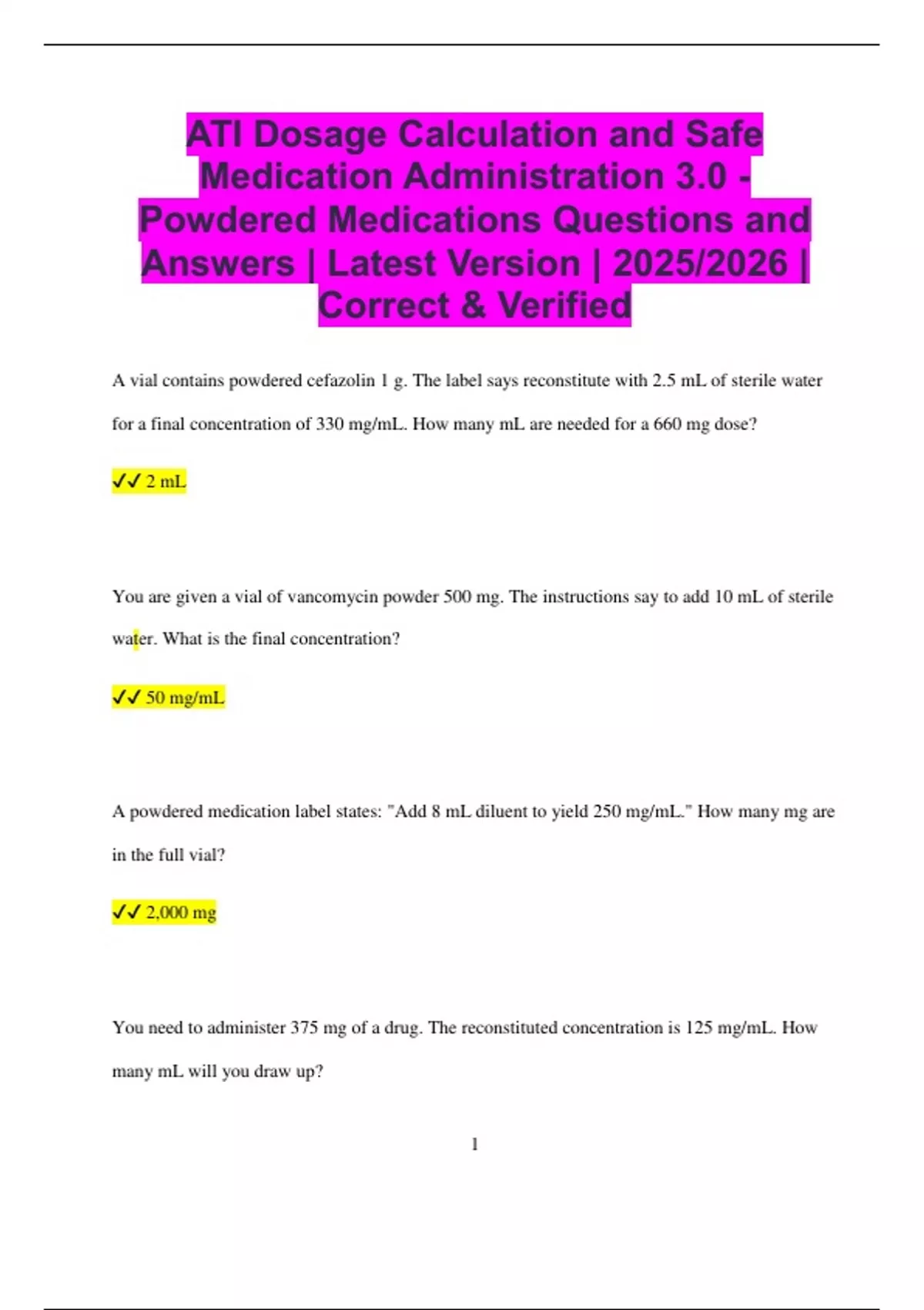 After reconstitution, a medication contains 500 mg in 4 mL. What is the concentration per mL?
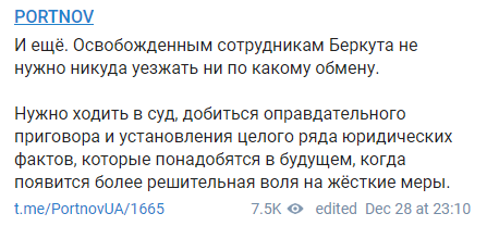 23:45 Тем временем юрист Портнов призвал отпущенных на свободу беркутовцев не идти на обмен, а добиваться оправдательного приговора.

* * *

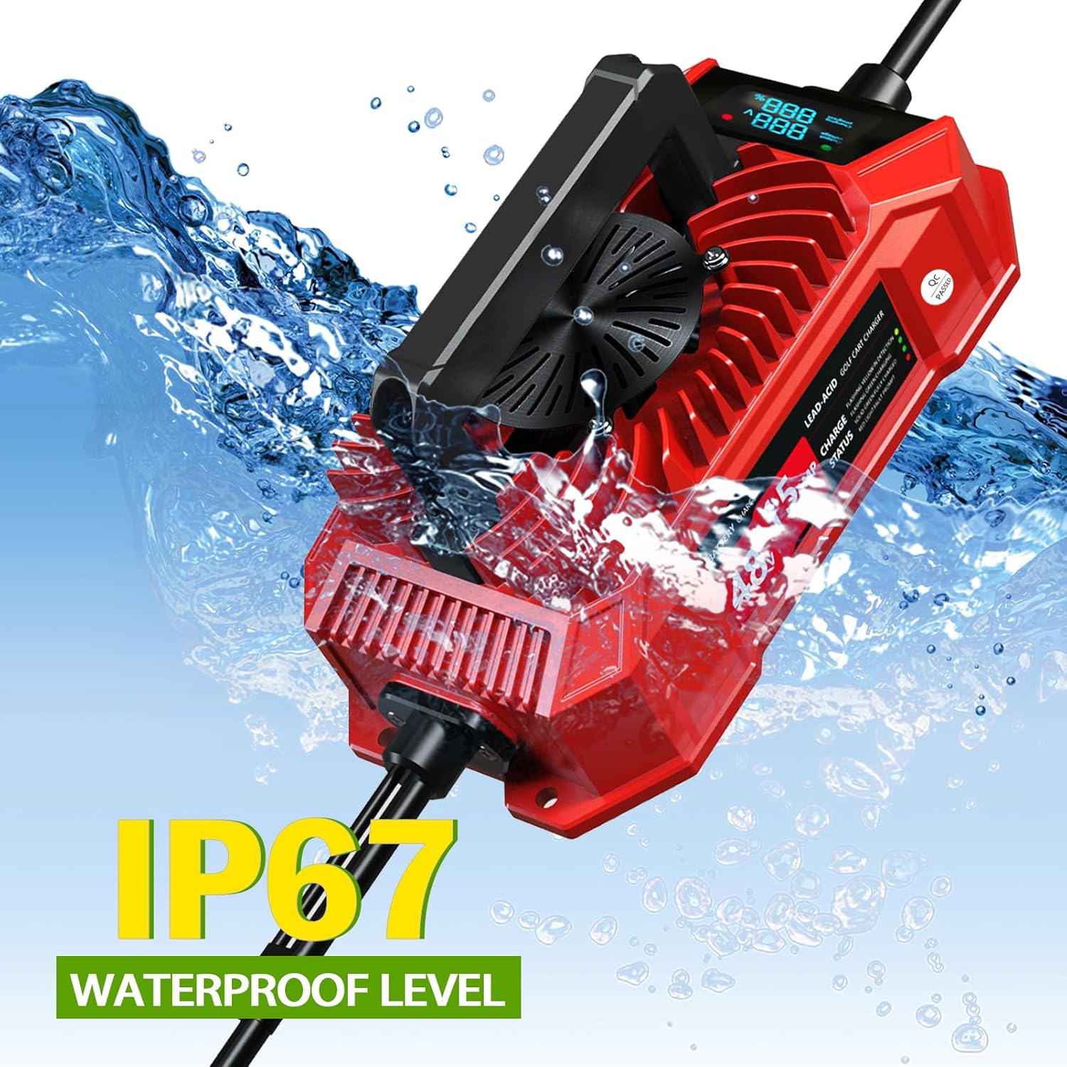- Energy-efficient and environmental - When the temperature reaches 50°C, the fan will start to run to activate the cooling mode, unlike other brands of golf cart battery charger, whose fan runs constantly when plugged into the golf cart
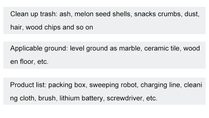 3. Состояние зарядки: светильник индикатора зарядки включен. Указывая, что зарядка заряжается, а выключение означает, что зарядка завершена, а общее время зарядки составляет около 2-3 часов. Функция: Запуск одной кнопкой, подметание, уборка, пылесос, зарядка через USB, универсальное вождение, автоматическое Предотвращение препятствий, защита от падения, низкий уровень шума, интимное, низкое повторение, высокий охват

• **What you need to do**:
The copy should hold exactly the lines above from the one with "After reconstitution, a" through the one with "23:45 Тем временем", both ends counted, and no pictures at all.

• **Reply to the exercise**:
 After reconstitution, a medication contains 500 mg in 4 mL. What is the concentration per mL?
 23:45 Тем временем юрист Портнов призвал отпущенных на свободу беркутовцев не идти на обмен, а добиваться оправдательного приговора.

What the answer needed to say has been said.